Ya,memang yang aku suka darinya.
Sangat simple dan apa adanya.
      “Mas Gilang! Kenapa ta? Ada yang aneh ya sama aku?”
Ah! Aku melamun lagi! dari tadi aku menatapnya telalu seduktif mungkin.
     “Ah...ndak kok,gimana ya ? Kamu beda aja hari ini” jawabku terbata – bata.
     “Beda gimana ta mas? Jelek ya? Yaudah,aku ganti baju lagi ya?”
     “Eh....eh... ndak usah! Ayo langsung jalan aja ya...”
     “Oke deh!” ucap Lia penuh senyum.Senyum yang akan kurindukan.Senyum yang merubah hidupku.Senyum tulus penyemangatku.
        Cuaca sedang bersahabat.Langit terang,angin sepoi – sepoi,haah...indahnya dunia ini. Rencananya,pagi ini aku ingin mengajak Lia untuk kepantai mumpung hari libur dan mungkin ini waktu yang tepat pula untuk berpamitan padanya.Walau sedikit mendadak.
            Kulihat Lia sangat menikmati pemandangan pantai pagi ini.Seutas senyum terlihat jelas di bibir indahnya.Matanya yang mungil itu hanya tertuju pada gulungan ombak yang berkejar – kejaran tak pernah letih.Sepanjang hari,kerudung birunya serasa ingin terbang terkena terpaan angin pagi itu.
    “Pemandangannya indah ya mas...” ucap Lia dengan senyuman khasnya.
    “Hem....kamu benar,sangat indah....”ucapku perlahan memejamkan mataku.
    “Mas Gilang,ada apa ta kok mendadak pagi- pagi ngajak jalan – jalan kesini ? tanya Lia dengan wajah polosnya.Gemas rasanya melihat raut wajah Lia saat itu,ingin sekali tangan ini mencubit pipi tembemnya itu.
   “Kenapa ? Kamu ndak suka ? apa karna tiap sore kita sering kesini,terus kamu bosan?

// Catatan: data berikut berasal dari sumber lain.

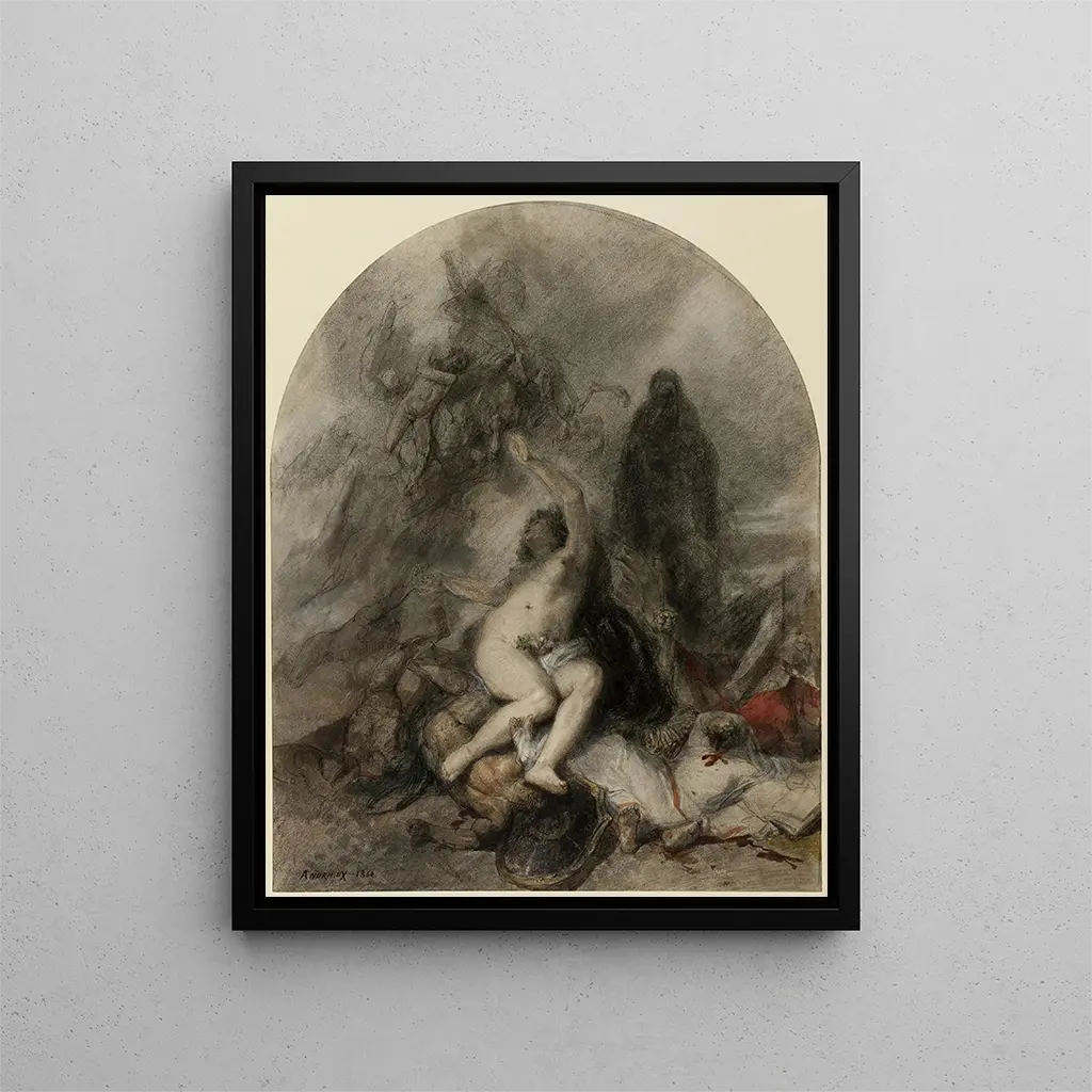 The artwork "Allégorie of War" by Clément-Auguste Andrieux presents itself as a striking tableau, an open window into the torments and glories that war engenders. This piece, rich in symbols and emotions, invites viewers to a profound reflection on the consequences of violence and human nature. Through vibrant colors and dynamic forms, Andrieux manages to capture the very essence of war—both destructive and fascinating. Contemplating this art print, one immediately feels a palpable tension, a mixture of fear and admiration for the power of art and the impact of war on the human soul.
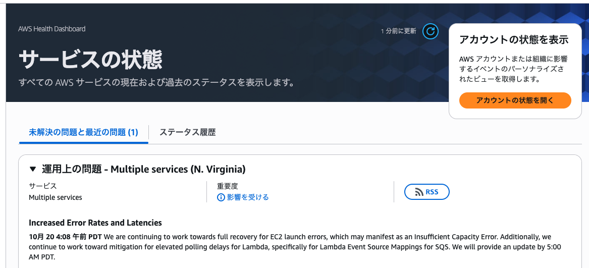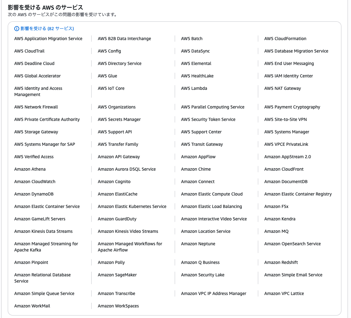 仕事から帰宅してから、FGOを遊ぼうとすると・・・ なんだ、緊急メンテナンス中か・・・ まさか、AWSの障害の影響か?でも、N.Virginiaだから、ua-east-1のみだよな・・・ それにしても、82サービスに影響しているなんて大障害じゃないか・・・ 2025年10月20日 by yoshinobu310 BLOG FGO ゲーム 0
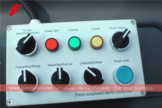 Todos los accesorios estándar: elevador del contenedor de basura, escalera, luces de advertencia, botón de parada de emergencia, pasamanos, extintor de incendios, kit de herramientas básico, manual en inglés... |
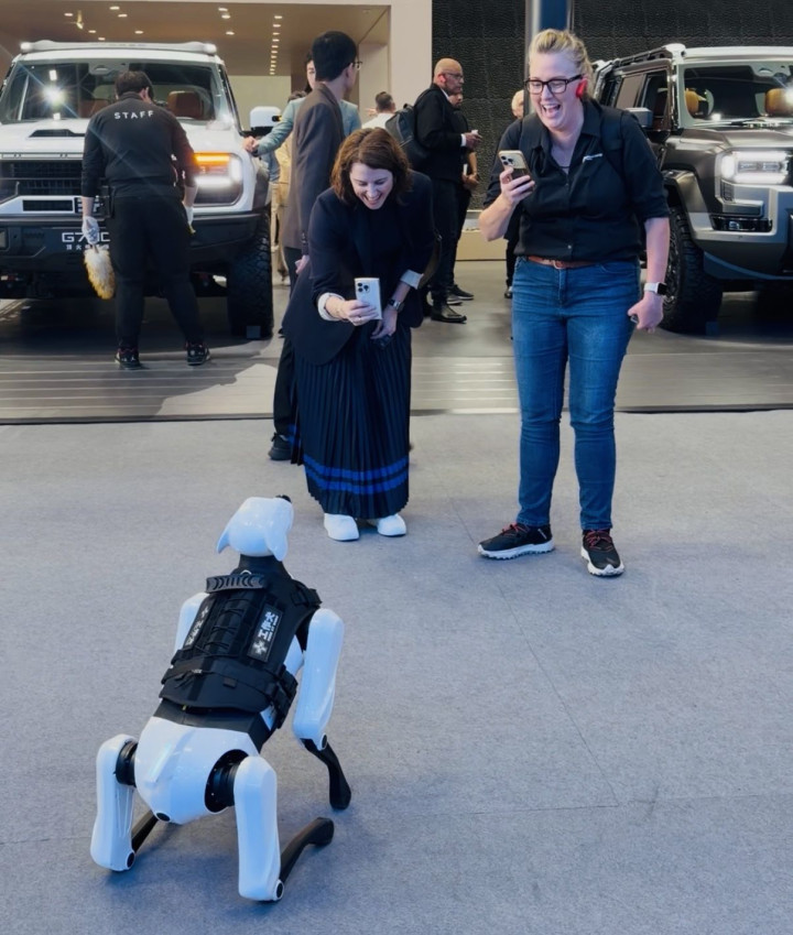 相似招引眼球的,还有机器狗和机器东说念主。尽管它们如今也曾成为各大展会的常驻嘉宾,但对于番邦东说念主来说依旧新奇。北京车展的机器狗就引来许多番邦东说念主打卡拍照,别称番邦女士弯下腰跟机器狗发出号令说,“Sit(坐)。”机器狗听话地坐下,她的伙伴在傍边给她和机器狗拍视频。
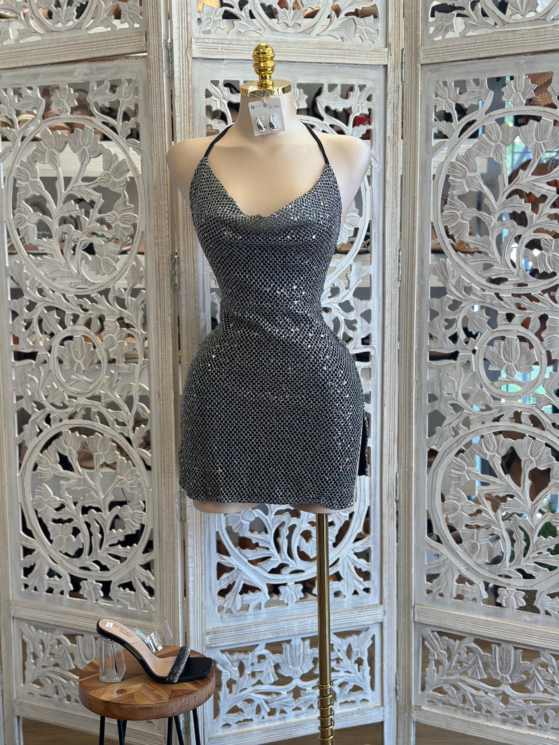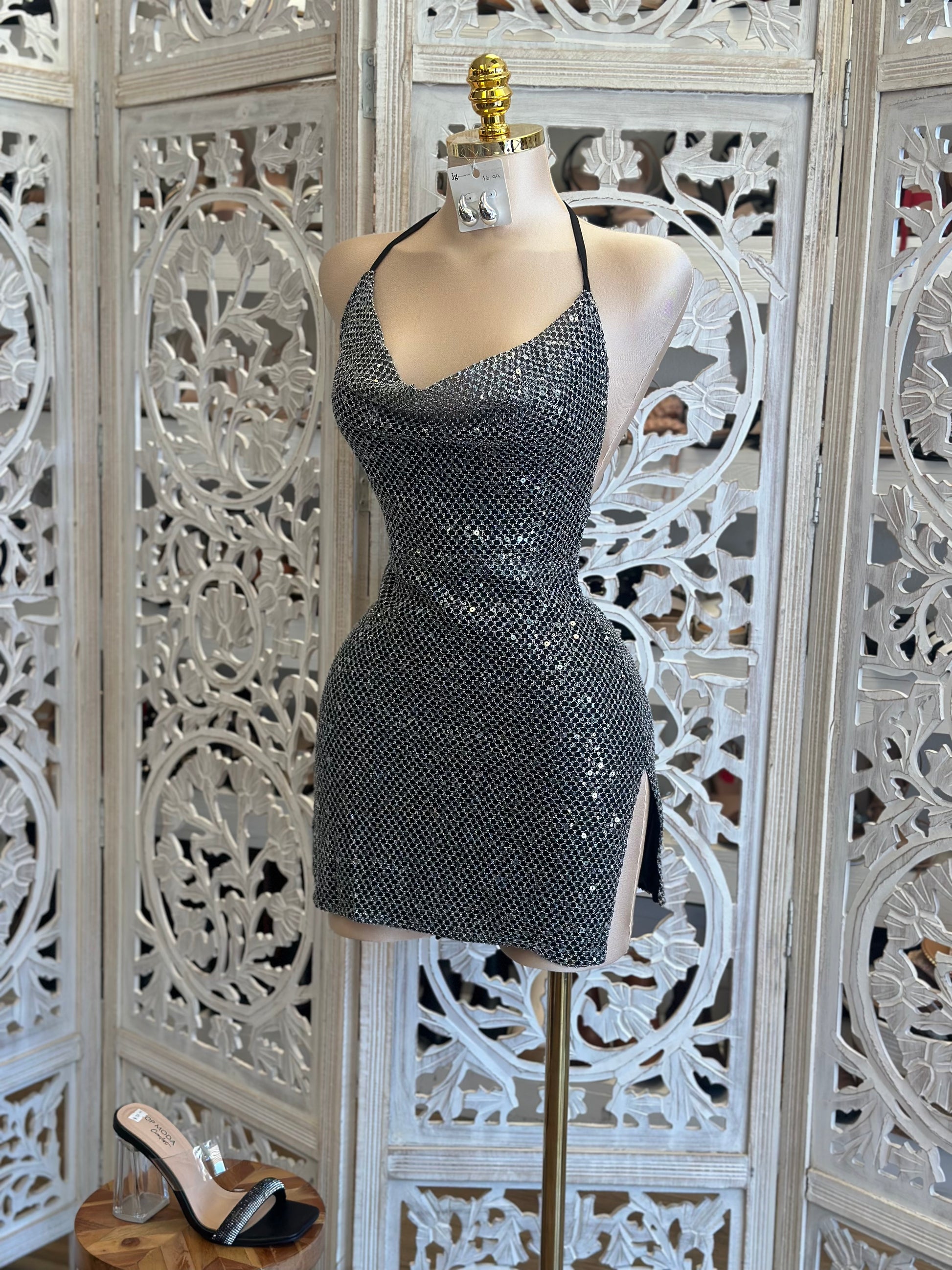 Rhinestone Cowl Neck Mini Dress- Stretchy , Estira
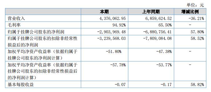 報(bào)告期內(nèi)公司實(shí)現(xiàn)營(yíng)業(yè)收入437.61萬(wàn)元,同比減少36.21%;實(shí)現(xiàn)凈利潤(rùn)-290.40萬(wàn)元,同比去年減虧57.8%。?
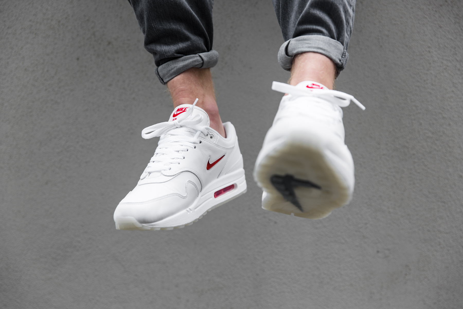 Und jetzt, 20 Jahre nach die kleinen Juwelen das erste Mal auf einem Nike Air Max 1 zu sehen waren, sind sie wieder da. In den letzten Wochen kamen auch schon die Air Force 1 als Low und Mid Version, sowie der Cortez als Jewel Varianten, aber der 1er Jewel ist der, auf den wir uns am meisten freuen.
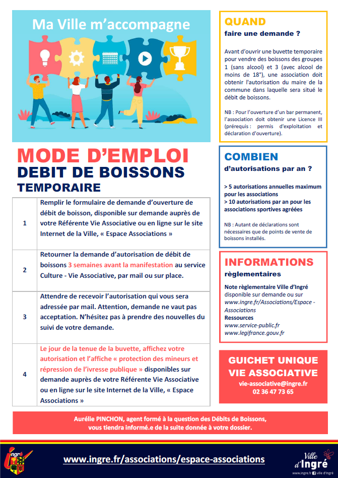 Pour l’ouverture d’un bar permanent, l’association doit obtenir une Licence III (prérequis : permis d'exploitation et déclaration d'ouverture). Pour plus d'information sur ce point, prendre rendez-vous auprès du service Culture - Vie Associtive.
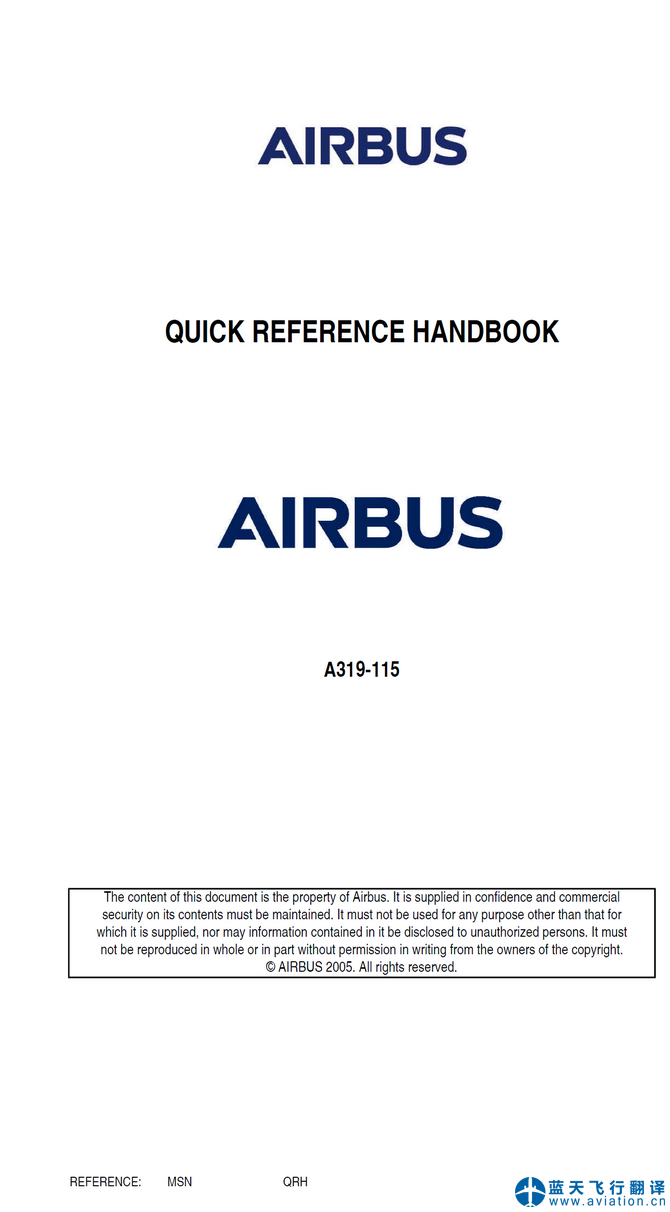 北京藍天飛行翻譯公司承接大型公務(wù)機公司的2020年7月15日版本ACJ319快速檢查單(QRH QUICK REFERENCE HANDBOOK)翻譯任務(wù) 15 JUL 20 ACJ319 QUICK REFERENCE HANDBOOK Translation
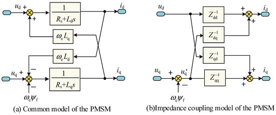 Figure 8a shows the mathematical model of the PMSM. Rs is the stator resistance, ψf is the permanent magnet flux, ωe represents the electrical angular velocity, ud and uq are dq axis voltages, id and iq are dq axis currents, and Ld and Lq are dq axis inductors. Figure 8b shows the PMSM impedance coupling model. Equation (1) can be obtained through derivation as:
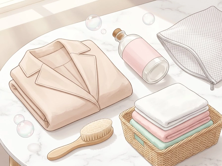 ポリエステル製のコートを自宅でキレイにするには、まず「本当に洗えるかどうかの見極め」と「正しい道具の準備」がカギになります。

Ucapku datar”
    “Ndak kok mas,aku suka,mas jangan bilang gitu ya...Lia minta ma’af”ucap Lia dengan nada memelas.
Ingin rasanya aku aku tertawa melihat ekspresi Lia saat itu.
    “Lia,Lia kamu itu terlalu polos” gumamku dalam hati
   “Hahaha...aku Cuma bercanda kok,jangan nangis ya..hahaha...”ucapku sambil tertawa terbahak – bahak.
   “Ih! Mas Gilang kok gitu sih! tak kira mas Gilang serius loh! mas Gilang jail!!”jawab Lia sambil memukul – mukul pundakku.
Tingkahnya sangat menggemaskan sekali.Aku hanya tertawa melihat tingkah Lia yang seolah – olah marah padaku.Mungkin aku akan merindukan tingkah lucu Lia saat aku pergi nanti.
   “Mungkin ini waktunya untuk memberi tahukan pada Lia” gumamku dalam hati.
   “Lia...”ucapku pelan dengan nada serius & tenang.
   “Iya mas Gilang..ada apa ?” jawab Lia penasaran
   “Emm...tapi kamu janji jangan marah ya?’ tanyaku pada Lia.Aku masih ragu.
   “Iya mas,ada apa ta? Aku ndak akan marah kok...”
   Kini aku yakin akan mengatakannya pada Lia.Apapun respon dari Lia,aku harus menerimanya.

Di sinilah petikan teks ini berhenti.